:: EXERCISE DIRECTIONS ::
The exercise calls for exact output of the lines between the one that contains "Кукла с нежным" and the end of the data, with both ends kept and pictures left out.

:: MATERIAL PROVIDED ::
-*-*-

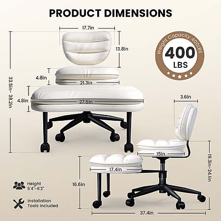 Ergonomic Cross-Legged Swivel Chair, Adjustable Height and PU Leather $45.99
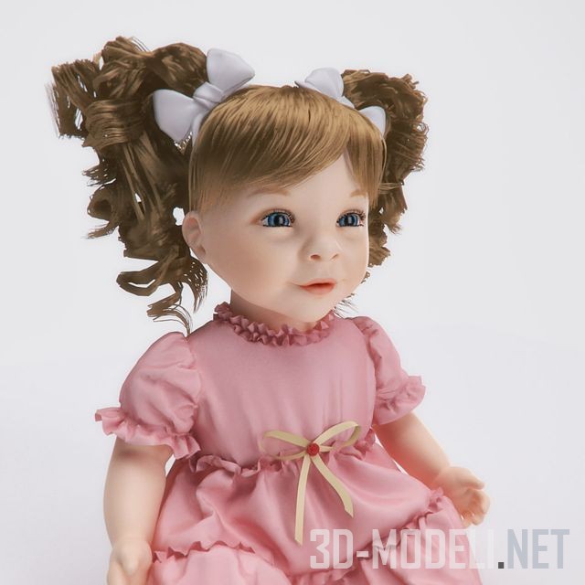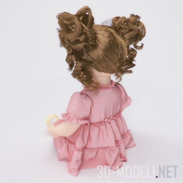 Кукла с нежным и приятным лицом, хорошая модель для интерьера детской комнаты. Кукла находится в положении сидя, ее удобно посадить на кровать или столик. У куклы пышные кудри и розовое платье, что сделает ее мечтой каждой девочки. Модель отличает высокое качество исполнения и реалистичные материалы.
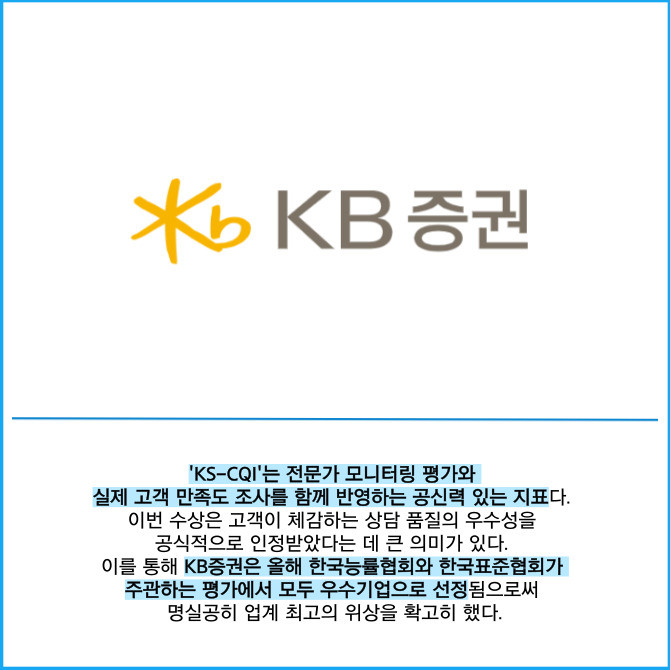 [프라임경제] KB증권은 자사 고객센터가 한국표준협회가 발표한 '2025 콜센터품질지수(KS-CQI)'에서 4년 연속 우수기업에 선정됐다고 23일 밝혔다.

-*-*-

:: RESULT BELOW ::
 Кукла с нежным и приятным лицом, хорошая модель для интерьера детской комнаты. Кукла находится в положении сидя, ее удобно посадить на кровать или столик. У куклы пышные кудри и розовое платье, что сделает ее мечтой каждой девочки. Модель отличает высокое качество исполнения и реалистичные материалы.
 [프라임경제] KB증권은 자사 고객센터가 한국표준협회가 발표한 '2025 콜센터품질지수(KS-CQI)'에서 4년 연속 우수기업에 선정됐다고 23일 밝혔다.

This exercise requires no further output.